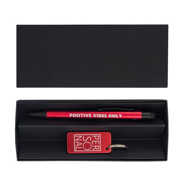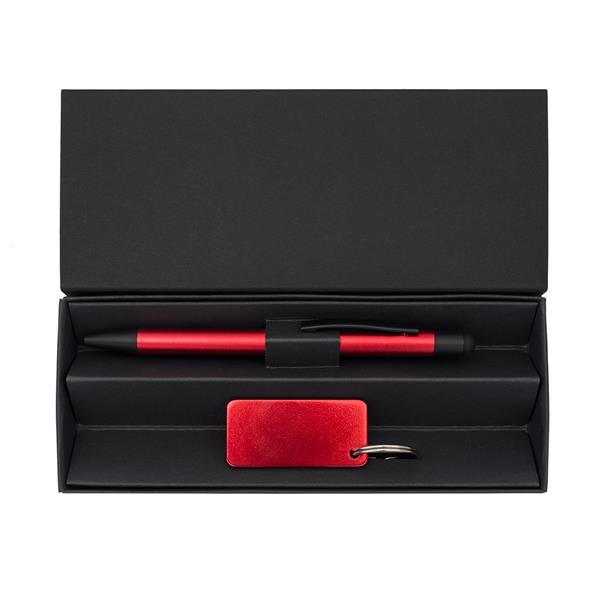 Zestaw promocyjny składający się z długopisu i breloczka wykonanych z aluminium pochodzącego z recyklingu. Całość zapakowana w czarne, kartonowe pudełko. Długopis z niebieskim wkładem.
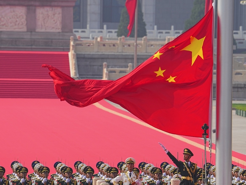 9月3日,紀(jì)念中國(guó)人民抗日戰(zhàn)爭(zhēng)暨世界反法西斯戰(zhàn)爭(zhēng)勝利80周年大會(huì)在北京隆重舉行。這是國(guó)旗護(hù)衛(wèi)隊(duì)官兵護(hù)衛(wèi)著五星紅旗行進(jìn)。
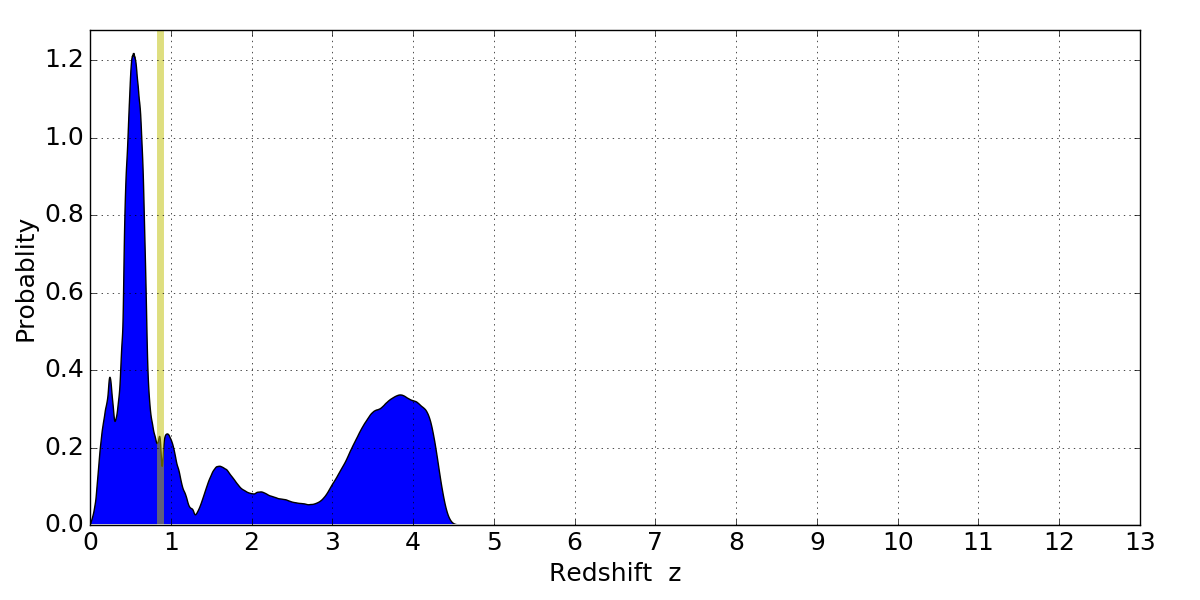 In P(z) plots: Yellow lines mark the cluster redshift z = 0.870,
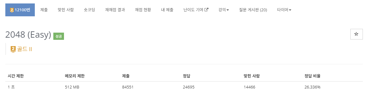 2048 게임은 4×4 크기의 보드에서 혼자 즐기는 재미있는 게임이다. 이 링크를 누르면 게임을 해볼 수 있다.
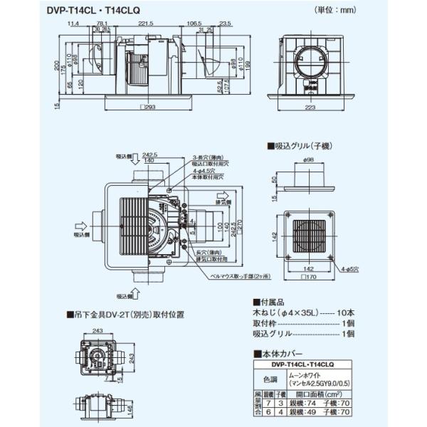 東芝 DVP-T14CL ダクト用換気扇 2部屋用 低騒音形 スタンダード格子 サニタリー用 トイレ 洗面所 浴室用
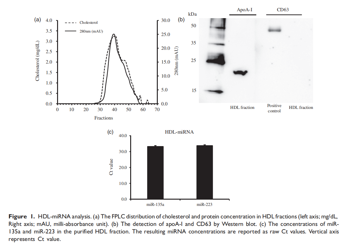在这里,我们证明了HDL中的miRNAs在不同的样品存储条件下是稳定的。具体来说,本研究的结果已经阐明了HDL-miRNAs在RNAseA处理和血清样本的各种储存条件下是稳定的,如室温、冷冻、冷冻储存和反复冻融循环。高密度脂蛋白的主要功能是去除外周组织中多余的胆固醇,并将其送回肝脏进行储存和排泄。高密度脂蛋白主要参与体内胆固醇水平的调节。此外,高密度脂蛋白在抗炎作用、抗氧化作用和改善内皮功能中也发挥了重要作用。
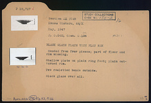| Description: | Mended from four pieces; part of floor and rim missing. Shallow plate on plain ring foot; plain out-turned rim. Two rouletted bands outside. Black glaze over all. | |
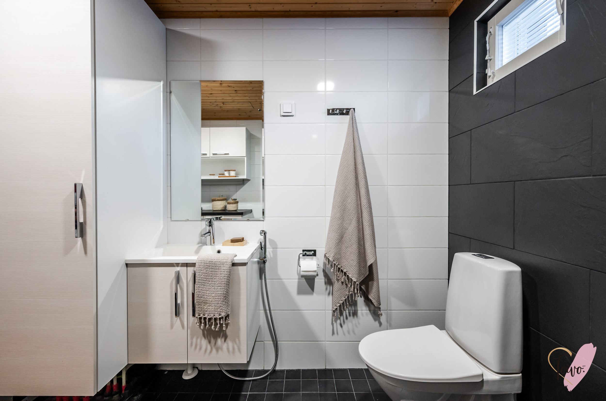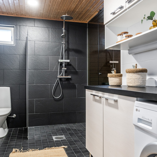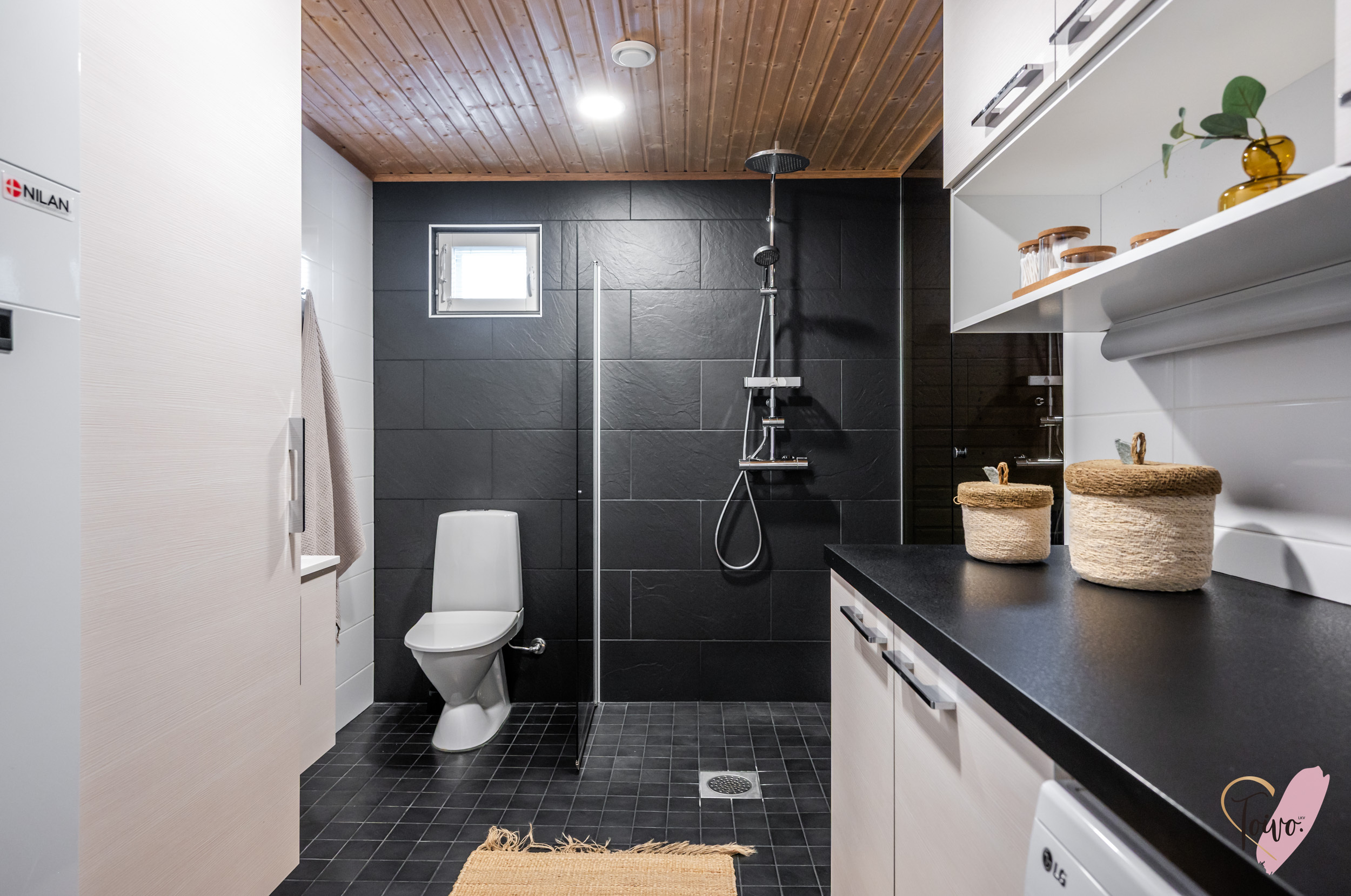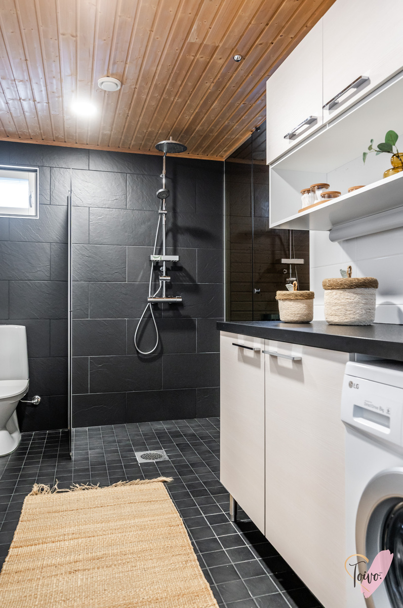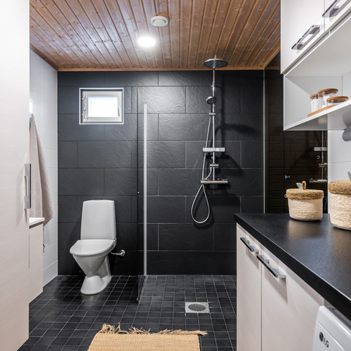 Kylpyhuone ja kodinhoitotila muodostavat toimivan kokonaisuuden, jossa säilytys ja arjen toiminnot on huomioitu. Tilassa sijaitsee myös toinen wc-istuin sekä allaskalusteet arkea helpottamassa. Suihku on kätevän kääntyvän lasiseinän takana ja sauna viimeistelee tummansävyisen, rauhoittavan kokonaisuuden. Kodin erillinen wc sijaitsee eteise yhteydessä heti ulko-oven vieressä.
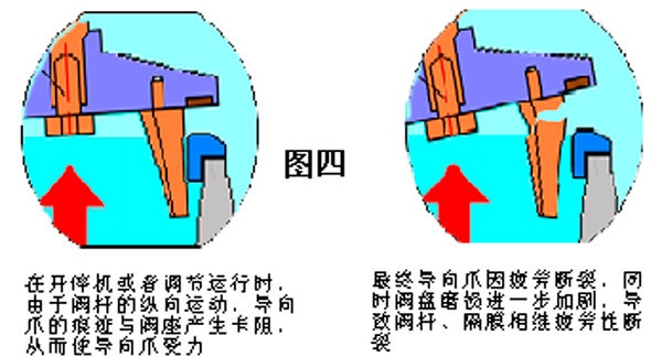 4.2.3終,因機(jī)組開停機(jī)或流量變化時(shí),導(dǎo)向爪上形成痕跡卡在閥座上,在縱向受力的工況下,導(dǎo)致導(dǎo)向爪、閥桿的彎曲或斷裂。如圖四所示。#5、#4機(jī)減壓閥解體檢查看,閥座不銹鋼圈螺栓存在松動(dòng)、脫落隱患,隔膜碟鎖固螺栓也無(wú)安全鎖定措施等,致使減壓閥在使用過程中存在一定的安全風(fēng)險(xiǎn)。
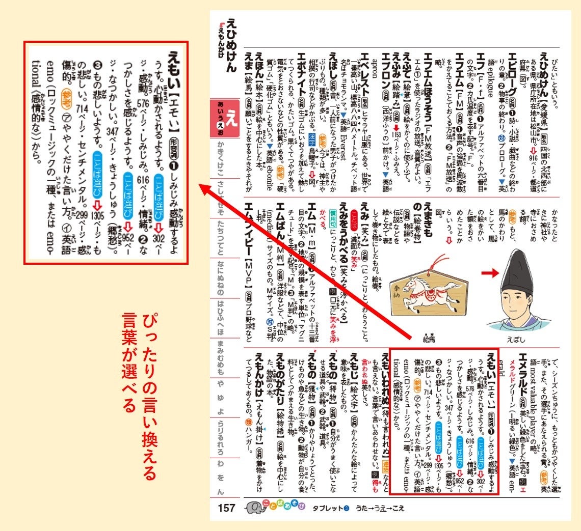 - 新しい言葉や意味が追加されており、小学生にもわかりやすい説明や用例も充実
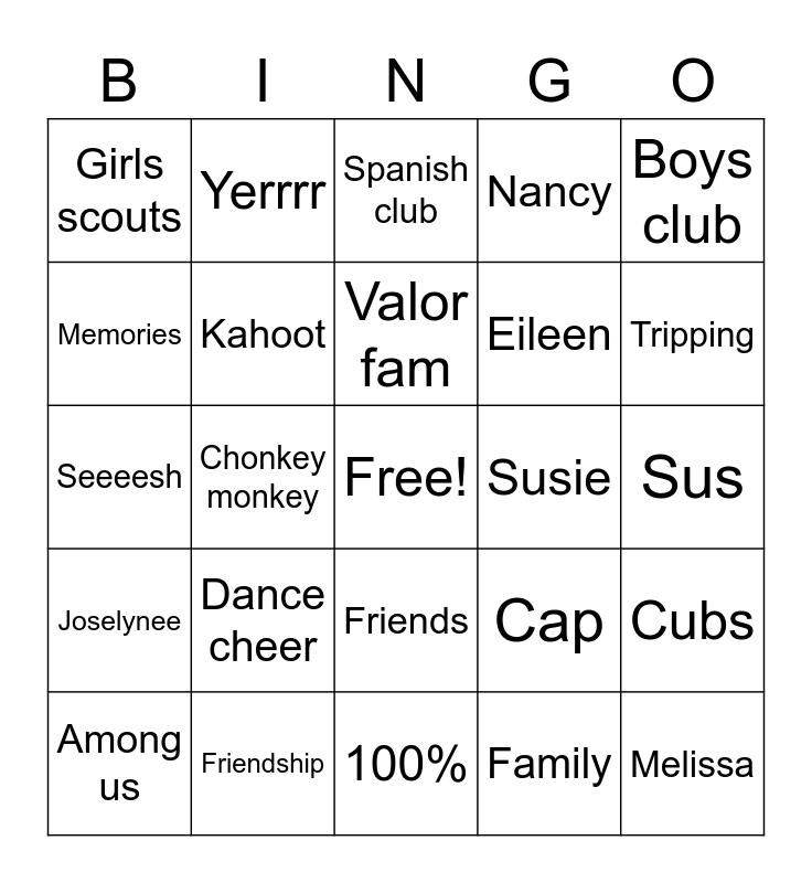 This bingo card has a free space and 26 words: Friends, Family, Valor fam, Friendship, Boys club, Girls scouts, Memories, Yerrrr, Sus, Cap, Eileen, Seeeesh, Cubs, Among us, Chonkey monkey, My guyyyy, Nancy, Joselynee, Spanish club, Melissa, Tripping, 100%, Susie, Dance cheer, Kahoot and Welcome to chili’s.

▶ _Prompt_: If the data includes images, omit them, and set down everything else exactly as above.

▶ _Written answer_:
 Zestaw promocyjny składający się z długopisu i breloczka wykonanych z aluminium pochodzącego z recyklingu. Całość zapakowana w czarne, kartonowe pudełko. Długopis z niebieskim wkładem.
 9月3日,紀(jì)念中國(guó)人民抗日戰(zhàn)爭(zhēng)暨世界反法西斯戰(zhàn)爭(zhēng)勝利80周年大會(huì)在北京隆重舉行。這是國(guó)旗護(hù)衛(wèi)隊(duì)官兵護(hù)衛(wèi)著五星紅旗行進(jìn)。
 In P(z) plots: Yellow lines mark the cluster redshift z = 0.870,
 2048 게임은 4×4 크기의 보드에서 혼자 즐기는 재미있는 게임이다. 이 링크를 누르면 게임을 해볼 수 있다.
 東芝 DVP-T14CL ダクト用換気扇 2部屋用 低騒音形 スタンダード格子 サニタリー用 トイレ 洗面所 浴室用
在这里,我们证明了HDL中的miRNAs在不同的样品存储条件下是稳定的。具体来说,本研究的结果已经阐明了HDL-miRNAs在RNAseA处理和血清样本的各种储存条件下是稳定的,如室温、冷冻、冷冻储存和反复冻融循环。高密度脂蛋白的主要功能是去除外周组织中多余的胆固醇,并将其送回肝脏进行储存和排泄。高密度脂蛋白主要参与体内胆固醇水平的调节。此外,高密度脂蛋白在抗炎作用、抗氧化作用和改善内皮功能中也发挥了重要作用。
| Description: | Mended from four pieces; part of floor and rim missing. Shallow plate on plain ring foot; plain out-turned rim. Two rouletted bands outside. Black glaze over all. | |
 Kylpyhuone ja kodinhoitotila muodostavat toimivan kokonaisuuden, jossa säilytys ja arjen toiminnot on huomioitu. Tilassa sijaitsee myös toinen wc-istuin sekä allaskalusteet arkea helpottamassa. Suihku on kätevän kääntyvän lasiseinän takana ja sauna viimeistelee tummansävyisen, rauhoittavan kokonaisuuden. Kodin erillinen wc sijaitsee eteise yhteydessä heti ulko-oven vieressä.
 4.2.3終,因機(jī)組開停機(jī)或流量變化時(shí),導(dǎo)向爪上形成痕跡卡在閥座上,在縱向受力的工況下,導(dǎo)致導(dǎo)向爪、閥桿的彎曲或斷裂。如圖四所示。#5、#4機(jī)減壓閥解體檢查看,閥座不銹鋼圈螺栓存在松動(dòng)、脫落隱患,隔膜碟鎖固螺栓也無(wú)安全鎖定措施等,致使減壓閥在使用過程中存在一定的安全風(fēng)險(xiǎn)。
 - 新しい言葉や意味が追加されており、小学生にもわかりやすい説明や用例も充実
 This bingo card has a free space and 26 words: Friends, Family, Valor fam, Friendship, Boys club, Girls scouts, Memories, Yerrrr, Sus, Cap, Eileen, Seeeesh, Cubs, Among us, Chonkey monkey, My guyyyy, Nancy, Joselynee, Spanish club, Melissa, Tripping, 100%, Susie, Dance cheer, Kahoot and Welcome to chili’s.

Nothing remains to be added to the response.